The number of Polygon NFT users has also seen steady growth since July 2021, as highlighted in the above chart.
Moreover, decentralised exchanges (DEXs) on Polygon processed over $1.3bn in volume in December 2022. The largest DEX on Polygon by volume is Uniswap, with a 75.1% market share, followed by QuickSwap (8.6%) and Kyber (7.3%).
Lastly, the total value locked (TVL) on Polygon is currently $1.6bn, which is small compared to its all-time high of $14.1bn in June 2021. Among the assets locked on the platform, AAVE has the largest share, representing 25.8% of the total TVL, with a value of $414m.

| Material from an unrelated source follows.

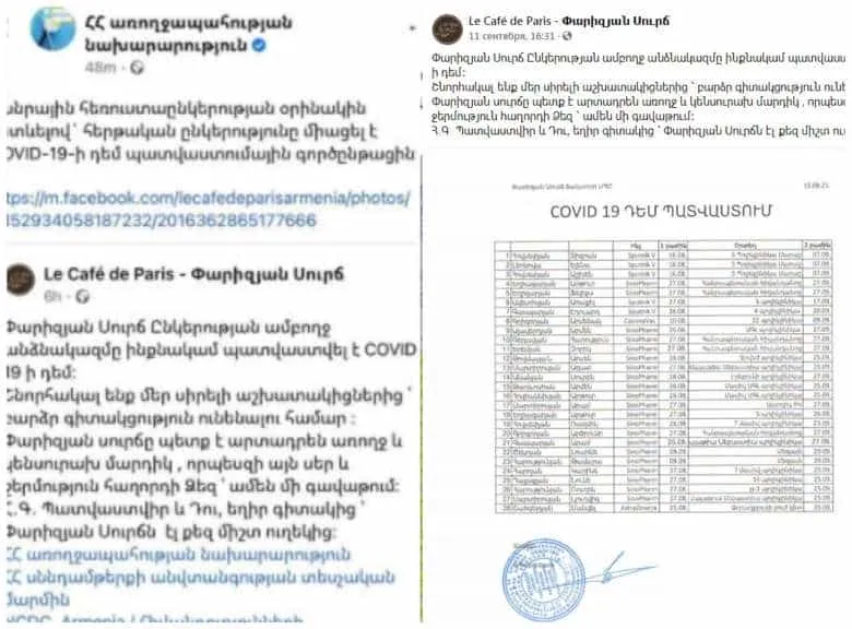 Փարիզյան Սուրճ ընկերությունն օրեր առաջ ֆեյսբուքյան էջում՝փաստաթղթեր էր հրապարակել՝ հայտնելով, որ ընկերության ամբողջ անձնակազմն ինքնակամ պատվաստվել է:

Based on the number of major institutions building on Polygon, the platform’s robust technical and fundamental environment attracts investors and developers.

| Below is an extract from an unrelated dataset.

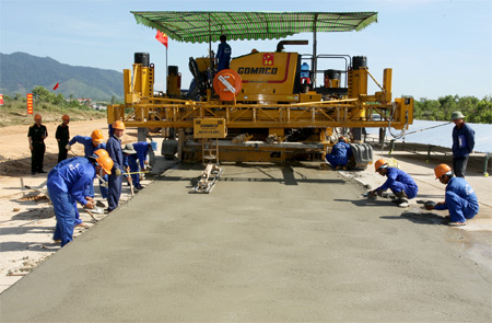 Nhờ thực hiện tái cơ cấu, Tổng công ty 36 (Bộ Quốc phòng) đã phát triển bền vững trong năm 2013. Trong ảnh: Lực lượng thi công của Tổng công ty tại công trường xây dựng đường Đông Trường Sơn. Ảnh: Quang Thái

DeLabs, the creators of the successful Solana-based NFT projects DeGods and Y00ts, has been given a $3m grant by Polygon to move Y00ts to the network. The transition, which is scheduled to take place in Q1 2023, is expected to attract Solana NFT users to Polygon.

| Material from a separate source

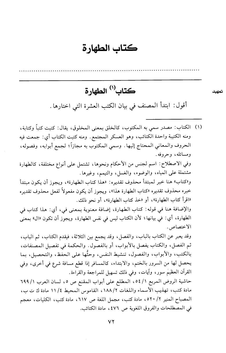 (¬١) الكتاب: مصدر سمي به المكتوب، كالخلق بمعنى المخلوق، يقال: كتبت كتبًا وكتابة، ومنه الكتيبة واحدة الكتائب، وهو العسكر المجتمع. ومنه كتبت الكتاب أي: جمعت فيه الحروف والمعاني المحتاج إليها. وسمي المكتوب به مجازًا؛ لجمع أبوابه، وفصوله، ومسائله، وحروفه.

Additionally, on 15 December 2022, Donald Trump minted a collection of 45,000 NFTs on Polygon called “Trump Digital Trading Cards”. The individual NFTs were priced at $99, and the collection sold out the following day. This release resulted in a significant increase in the number of Polygon NFT users, with over 332,000 users participating in NFT trading or minting on Polygon within the same week.
It’s clear that Polygon is already positively regarded among top VCs, institutions, and individuals, highlighting the prominence and reputation that Polygon has in the industry. With its suite of scaling solutions and favoured technical features, it has already managed to onboard thousands of dApps and NFT projects onto the platform. As more individuals and entities begin to utilise and develop on Polygon chains, there will be a corresponding increase in the usage of MATIC. With such an increase in network activity, MATIC holds significant potential for growth.
Provided all ETH 2.0 phases are successfully implemented, Polygon could see a reduction in growth to some extent. Still, there is almost zero to no chance that it would render the network obsolete. That being said, it’s essential that Polygon continues to onboard dApps and other blockchain-based projects to strengthen its platform and keep up with the times. As we all know, the crypto industry moves at lightning speed.